Question 6. What detail on small scales is needed to determine and model recruitment?

Question 6 Response--The importance of small scales (mm to m) to recruitment processes received much and quite uniform attention by the workshop participants. For most secondary producers, i.e., zooplankton, coupling with biology and physics occurs at the scales of their ambit, which can range from <1 mm to >100 m in the vertical. They perceive food and predators in the mm range, and can move several cm to m in a minute. Major processes of predation occur at scales of mm to cm. For example, Kils (1991) showed how a school of juvenile herring found a 10 cm thick layer of the ciliate Stenosomella, and consumed it within 20 min. There was general agreement that our community lacks information on rate processes and their variability on these spatial and also on short temporal scales.

Specifically, observations on behavioral characteristics of various stages and species of zooplankton and fish larvae are needed, including daily ambits (range of operation) of respective species and vertical distributions of zooplankton, their food and their predators over time. Variability of these should be investigated in conjunction with physical variables such as temperature; this would include species- and stage-specific aggregation dynamics.
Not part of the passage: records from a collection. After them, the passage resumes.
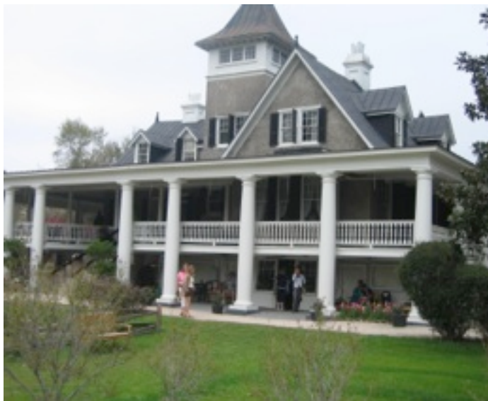
(Figure 7) Main house at Magnolia Plantation and Gardens, 2008. The current house was a hunting lodge that the family moved from Summerville, South Carolina to be the family residence after the antebellum home burned during the Civil War. In 1995, site director Drayton Hastie added a wrap around porch and columns.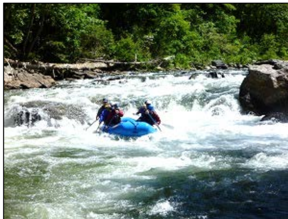
Rafting the Chattooga National Wild and Scenic River.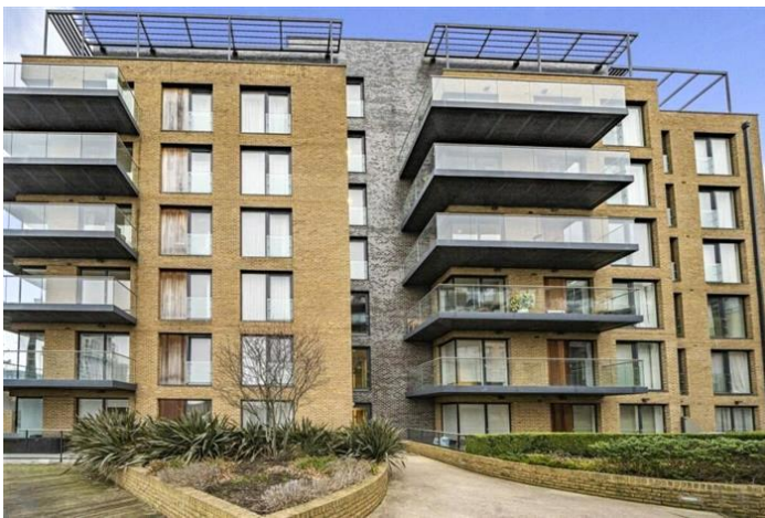
WALLACE COURT, BLACKHEATH, SE3 £1,750 PCM

To develop models, functional relationships for zooplankton behavior, shear and turbulence have to be obtained; and real-world small structure and small-scale processes have to be adequately addressed in such models. It is at these scales that the interactions between the various components of the plankton occur. It is also these scales about which our knowledge is severely limited. An understanding of mechanisms governing animal's existence at small scales, as mentioned earlier, is essential to comprehend processes on much larger scales.